Carlos Carnicero – ¿Por qué no nos rebelamos?


MADRID, 19 (OTR/PRESS)

Todas las revoluciones modernas se asientan en la dislexia entre las injusticias hacia los ciudadanos y la impunidad de los dirigentes. En épocas de crisis y escasez, las desigualdades son más insoportables. Recortes, desempleo, cierre de urgencias; y mientras se conocen detalles de la corrupción insoportable entre la clase dirigente. Luis Bárcenas tiene cogido a Rajoy por donde más le duele.

El presidente dice que hay que dar impresión de honradez pero no se esfuerza por exigirla porque lo que cuenta para él es lo que parece; no lo que es. Quiere que se pase la marea para no poner diques.

Las redes sociales son el remedo de las antiguas reuniones clandestinas. Todo se sabe en tiempo real y la catarsis no se reduce a la denuncia; la indignación es acumulativa hasta que los vasos comunicantes desbordan el sistema. Y la revolución tecnológica no ha hecho más que empezar. Controlar medios de comunicación no blinda contra el conocimiento de lo que ocurre. Cada uno, en cierto modo, es el corresponsal de un universo de injusticias.

Se puede comprar un periódico o controlar una televisión; imposible intervenir a los cibernautas. Cada ciudadanos es el consejo de administración de sus instrumentos sociales.

Undargarín, Bárcenas, Ignacio González y Baltar son solo punta de iceberg de una historia interminable que no promueve otra reacción entre los responsables políticos que las bravatas. A Rajoy no le tiembla la mano, pero para no hacer nada. Cospedal habla de velas y palos, y mira para otro lado.

Nuestra clase dirigente es especialmente ludópata. Arriesgan hasta la última ficha en la apuesta imposible de que la ciudadanía no explotará.

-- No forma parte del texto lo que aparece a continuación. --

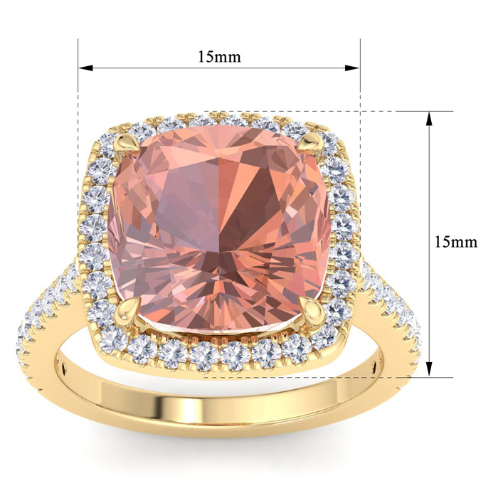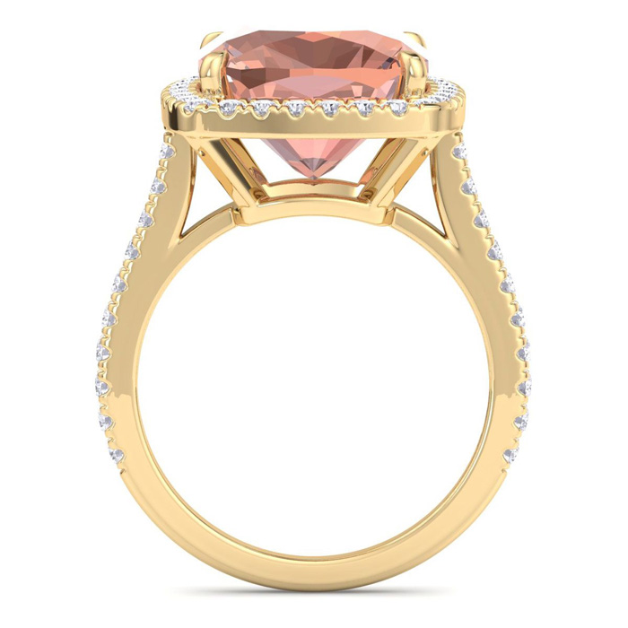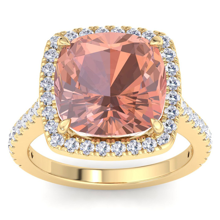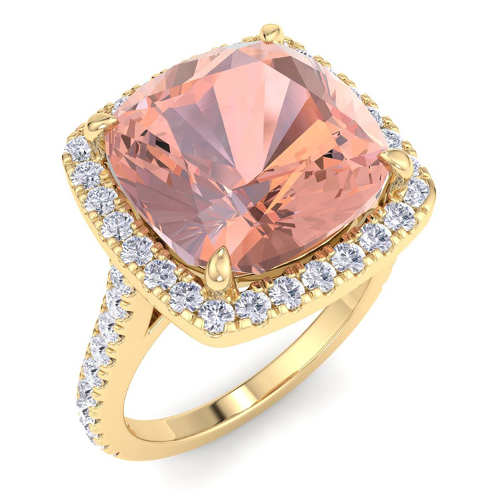 7 1/2 Carat Cushion Shape Morganite and Halo Diamond Ring In 14K Yellow Gold

La ley de la Omerta se rompe cuando quien tiene la justicia apretando sobre el cuello echa para adelante a sus cómplices y encubridores.

Las encuestas son tozudas: Rajoy se hunde en la desconfianza y la desafección y el PSOE no remonta. En la física política los vacíos se cubren con fuerzas incluso desconocidas. La indignación tiene fases consecutivas. De la depresión y el miedo a la explosión reivindicativa. Faltan detonadores, pero la chispa está preparada. Si no reaccionan con contundencia los partidos de izquierda y los sindicatos, haciendo catarsis en sus propias filas para legitimar sus denuncias de los adversarios, serán superados por la marea social.

Una revolución sin liderazgo carece de resultados institucionales. Y para que se depure una sociedad domeñada por la corrupción hace falta una marea estructurada que levante nuevos diques en la vida pública. De momento las redes sociales tienen la presión desbordada. Todavía no se ha estructurado una respuesta ciudadana al margen de las respuestas heroicas grupales. Ayer fueron los mineros, después los maestros y ahora los médicos. Los jubilados se rebelan también contra el cierre de las urgencias. Y hasta la Justicia detiene el euro por receta y el cierre de servicios médicos esenciales. La salud pública insiste en convertirse en negocios para los amigos del poder.

La pregunta que todavía no tiene respuesta es la del detonador de la explosión. La corrupción, los desahucios y la miseria son los componente químicos de la mecha. ¿Alguien se ofrece para encenderla?